RABBIT CACCIATORE
Servings Prep Time
2people 15minutes
Cook Time
60minutes
Servings Prep Time
2people 15minutes
Cook Time
60minutes
Ingredients
Instructions
  1. Begin the recipe chopping the onion (1), the celery stalk (2) after carefully washing and the carrot (3) after peeling.
  2. In the terracotta pot, place five tablespoons of extra virgin olive oil (4) to worm on medium heat. Once done, peel the garlic clove (5), and add to the pot with the chopped onions, celery and carrot (6). Soak slowly until the onion becomes transparent.
  3. Once done, wash the rabbit thighs to remove all the blood and soak for about half an hour with a drop of vinegar if the scent is too wild. Once drained and dried with a cloth (7), add the rabbit to the pot (8) and let it brown for about five minutes in the frying so that it will take good color (9).

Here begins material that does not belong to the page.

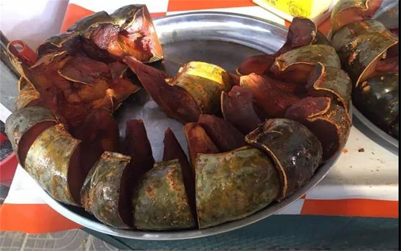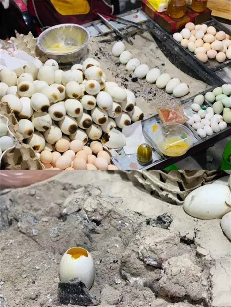 雞蛋和鴿子蛋是完整烤的,烤好後再撒點兒鹽和孜然,保持了原汁原味。而最受歡迎的鵝蛋,則是在新鮮的蛋上開一個小孔,倒出部分蛋清,加入18種調料以後烤製而成,吃起來有點像糯米,淡淡的糊味兒夾雜着甜香。
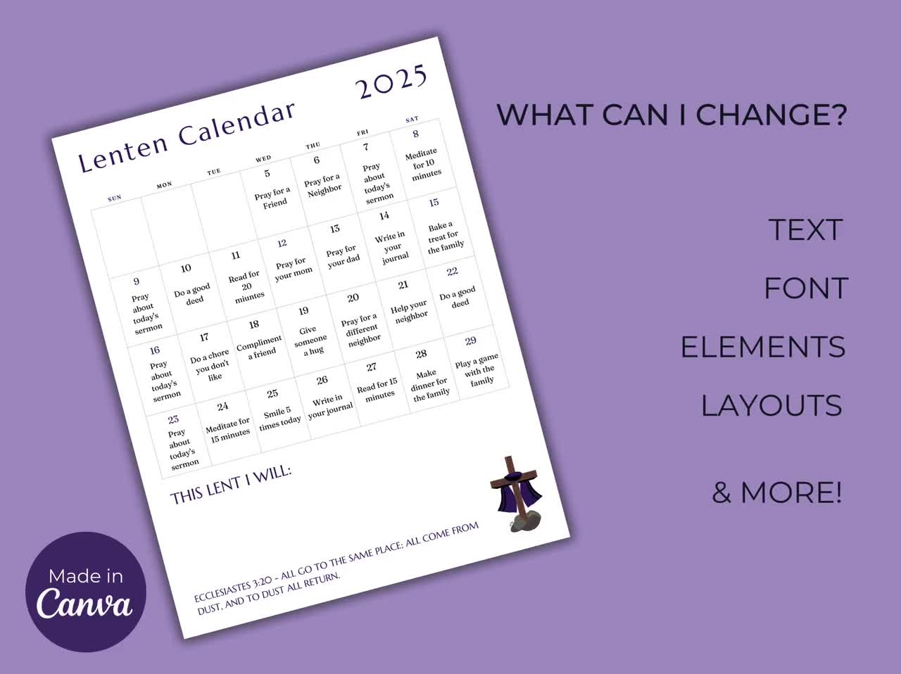 Lenten Calendar 2025 Printable Lenten Prayer Calendar Easter Countdown Customizable Lenten Calendar Ash Wednesday Planner Etsy

  4. Once done, add the wine (10) and let evaporate for a few minutes without a lid, on medium heat. However, keep the sauce on the bottom and then add the olives (11). Add the rosemary sprig (12), cover with a lid and leave for about five minutes.
  5. After five minutes add half a glass of hot water (13) and half stock cube (14). Melt it, mix well and then cover it again to bring the rabbit at the end of cooking (15). Times depend on the size of the meat and range from a minimum of 40 minutes to a maximum of one hour. Always check with a fork the meat baking, and when ready, serve on a hot table, with a little bit of aubergine and olives.